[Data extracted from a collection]

________________

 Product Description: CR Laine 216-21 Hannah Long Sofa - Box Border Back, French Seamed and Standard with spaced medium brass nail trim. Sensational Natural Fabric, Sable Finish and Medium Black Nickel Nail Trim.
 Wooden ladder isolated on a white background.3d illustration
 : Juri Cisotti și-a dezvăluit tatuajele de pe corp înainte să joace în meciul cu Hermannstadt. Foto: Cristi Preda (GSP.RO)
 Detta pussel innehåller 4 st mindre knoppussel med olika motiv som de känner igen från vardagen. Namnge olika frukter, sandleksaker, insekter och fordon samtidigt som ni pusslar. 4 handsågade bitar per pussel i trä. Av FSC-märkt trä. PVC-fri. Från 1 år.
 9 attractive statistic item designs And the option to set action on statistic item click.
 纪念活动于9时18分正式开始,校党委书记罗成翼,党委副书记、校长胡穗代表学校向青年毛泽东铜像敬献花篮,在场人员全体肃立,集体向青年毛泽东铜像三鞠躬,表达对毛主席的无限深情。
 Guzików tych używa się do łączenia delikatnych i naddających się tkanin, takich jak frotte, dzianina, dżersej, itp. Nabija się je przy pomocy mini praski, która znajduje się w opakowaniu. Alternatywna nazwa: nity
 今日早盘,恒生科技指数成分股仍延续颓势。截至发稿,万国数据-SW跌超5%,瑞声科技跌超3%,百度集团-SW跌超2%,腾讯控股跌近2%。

________________

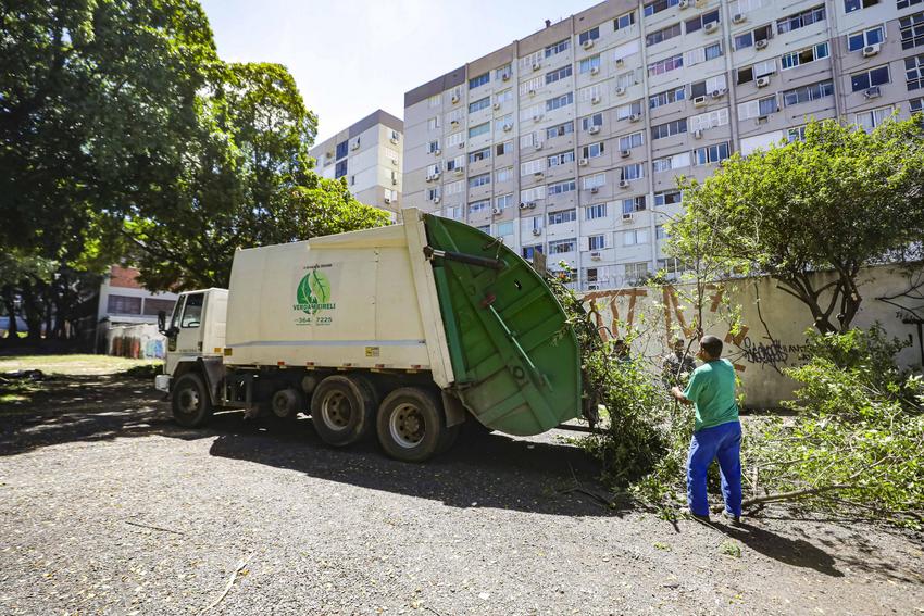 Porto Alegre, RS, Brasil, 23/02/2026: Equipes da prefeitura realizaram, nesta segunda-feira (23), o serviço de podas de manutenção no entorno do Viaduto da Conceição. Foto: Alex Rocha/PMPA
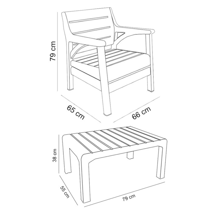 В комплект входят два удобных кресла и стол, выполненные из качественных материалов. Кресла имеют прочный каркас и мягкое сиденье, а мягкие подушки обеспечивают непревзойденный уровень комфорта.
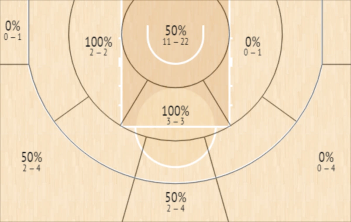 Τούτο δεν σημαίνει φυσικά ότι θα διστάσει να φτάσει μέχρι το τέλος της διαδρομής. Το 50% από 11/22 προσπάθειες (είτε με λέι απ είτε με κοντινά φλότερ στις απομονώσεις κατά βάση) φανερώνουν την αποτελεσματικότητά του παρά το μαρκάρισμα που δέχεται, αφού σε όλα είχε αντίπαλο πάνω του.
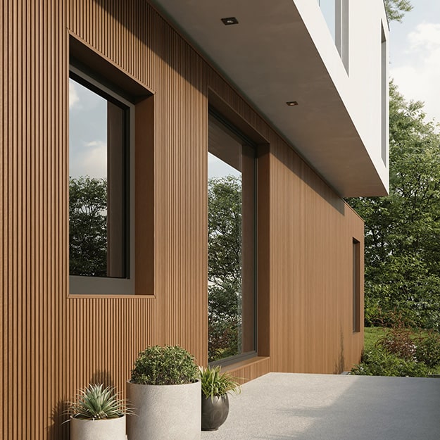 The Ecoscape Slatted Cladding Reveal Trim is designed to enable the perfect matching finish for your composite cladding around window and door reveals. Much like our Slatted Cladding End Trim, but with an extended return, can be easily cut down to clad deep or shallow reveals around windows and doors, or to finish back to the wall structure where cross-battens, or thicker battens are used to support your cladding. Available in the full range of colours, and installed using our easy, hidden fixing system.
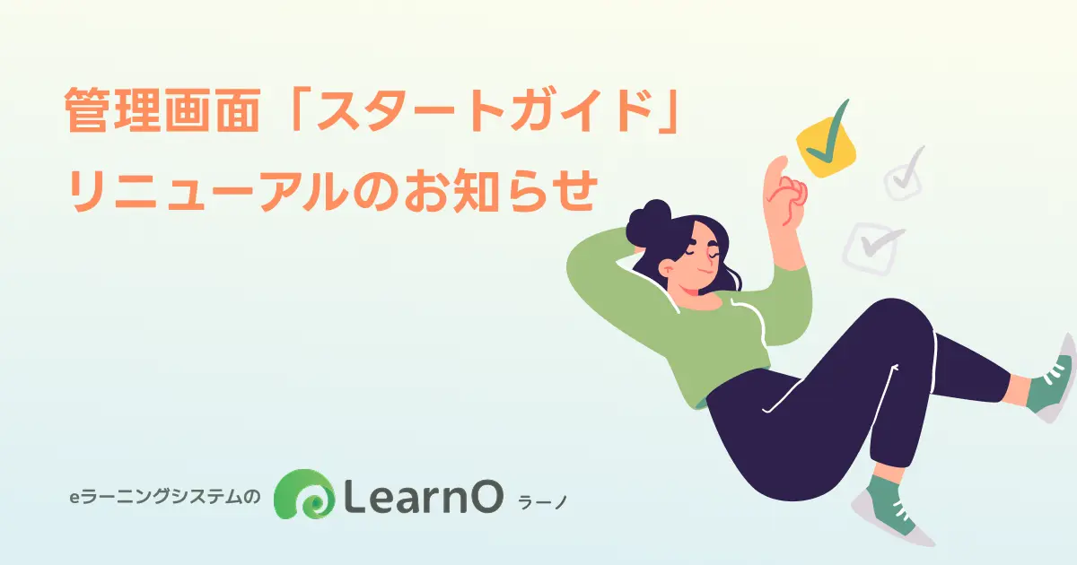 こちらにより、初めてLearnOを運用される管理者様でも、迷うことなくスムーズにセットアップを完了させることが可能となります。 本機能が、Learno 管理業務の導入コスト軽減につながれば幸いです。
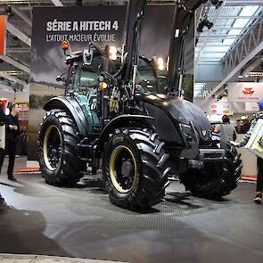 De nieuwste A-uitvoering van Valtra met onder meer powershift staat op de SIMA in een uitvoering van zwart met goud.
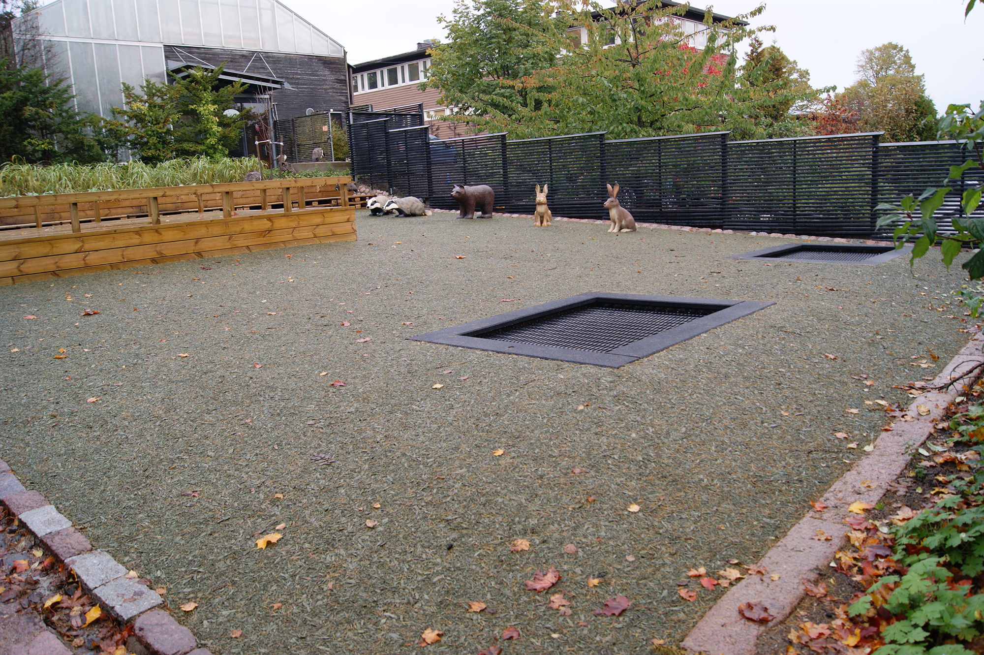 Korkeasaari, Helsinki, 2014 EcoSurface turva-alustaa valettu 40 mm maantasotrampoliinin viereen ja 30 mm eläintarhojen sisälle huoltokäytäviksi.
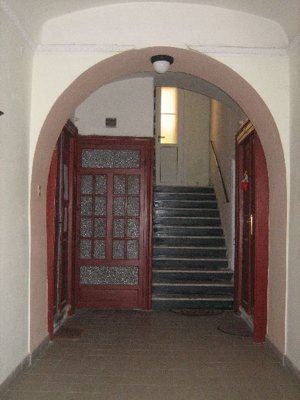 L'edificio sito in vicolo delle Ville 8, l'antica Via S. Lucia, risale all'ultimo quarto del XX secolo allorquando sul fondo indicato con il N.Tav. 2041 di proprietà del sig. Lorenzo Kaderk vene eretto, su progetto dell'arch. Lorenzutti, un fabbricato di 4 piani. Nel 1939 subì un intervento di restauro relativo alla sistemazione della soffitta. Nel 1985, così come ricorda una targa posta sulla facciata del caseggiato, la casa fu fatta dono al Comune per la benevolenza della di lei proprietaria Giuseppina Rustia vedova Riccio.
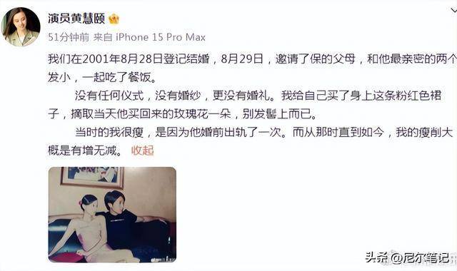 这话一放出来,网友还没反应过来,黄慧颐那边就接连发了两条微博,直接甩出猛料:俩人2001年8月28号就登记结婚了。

________________

### EXERCISE BRIEF
Beginning at the line above that contains "Product Description: CR", return each line exactly through the line that contains "Wooden ladder isolated", and no others.

### RESULT FOR THIS EXERCISE
 Product Description: CR Laine 216-21 Hannah Long Sofa - Box Border Back, French Seamed and Standard with spaced medium brass nail trim. Sensational Natural Fabric, Sable Finish and Medium Black Nickel Nail Trim.
 Wooden ladder isolated on a white background.3d illustration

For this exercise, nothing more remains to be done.